Activity: Here are the records. Write out exactly the lines between the one holding "Apdovanoti karpinių varžytuvių dalyviai." and the one holding "Miesto gimtadienis baigėsi, iki", inclusive.

Dataset extract:
--------------------

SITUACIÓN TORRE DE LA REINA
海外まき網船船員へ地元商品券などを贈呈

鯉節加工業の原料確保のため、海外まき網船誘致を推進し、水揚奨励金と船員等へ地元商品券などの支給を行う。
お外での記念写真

--------------------

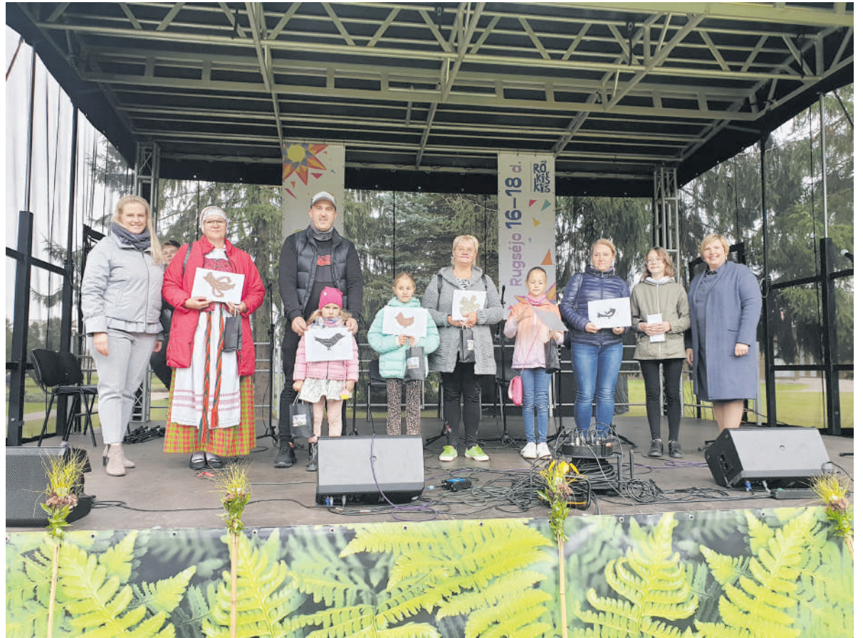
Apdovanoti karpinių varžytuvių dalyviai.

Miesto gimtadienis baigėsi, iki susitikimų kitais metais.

--------------------

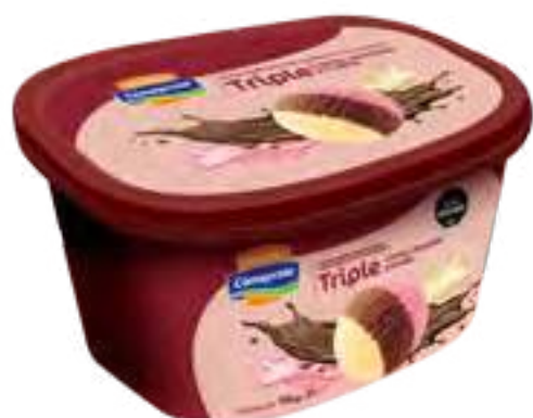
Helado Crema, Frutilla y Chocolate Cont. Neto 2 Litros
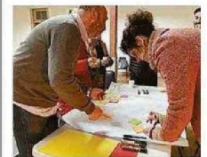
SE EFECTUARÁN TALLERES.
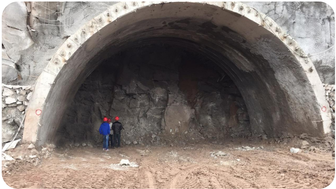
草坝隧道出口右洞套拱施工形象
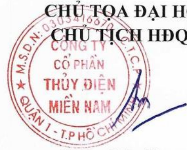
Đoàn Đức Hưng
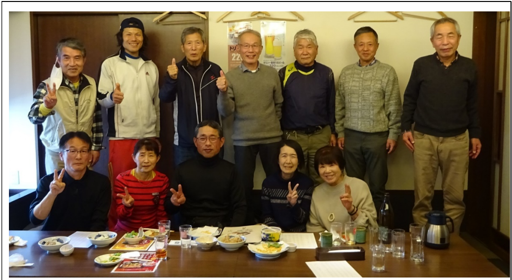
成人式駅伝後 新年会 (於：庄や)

--------------------

Output of the exercise:
Apdovanoti karpinių varžytuvių dalyviai.

Miesto gimtadienis baigėsi, iki susitikimų kitais metais.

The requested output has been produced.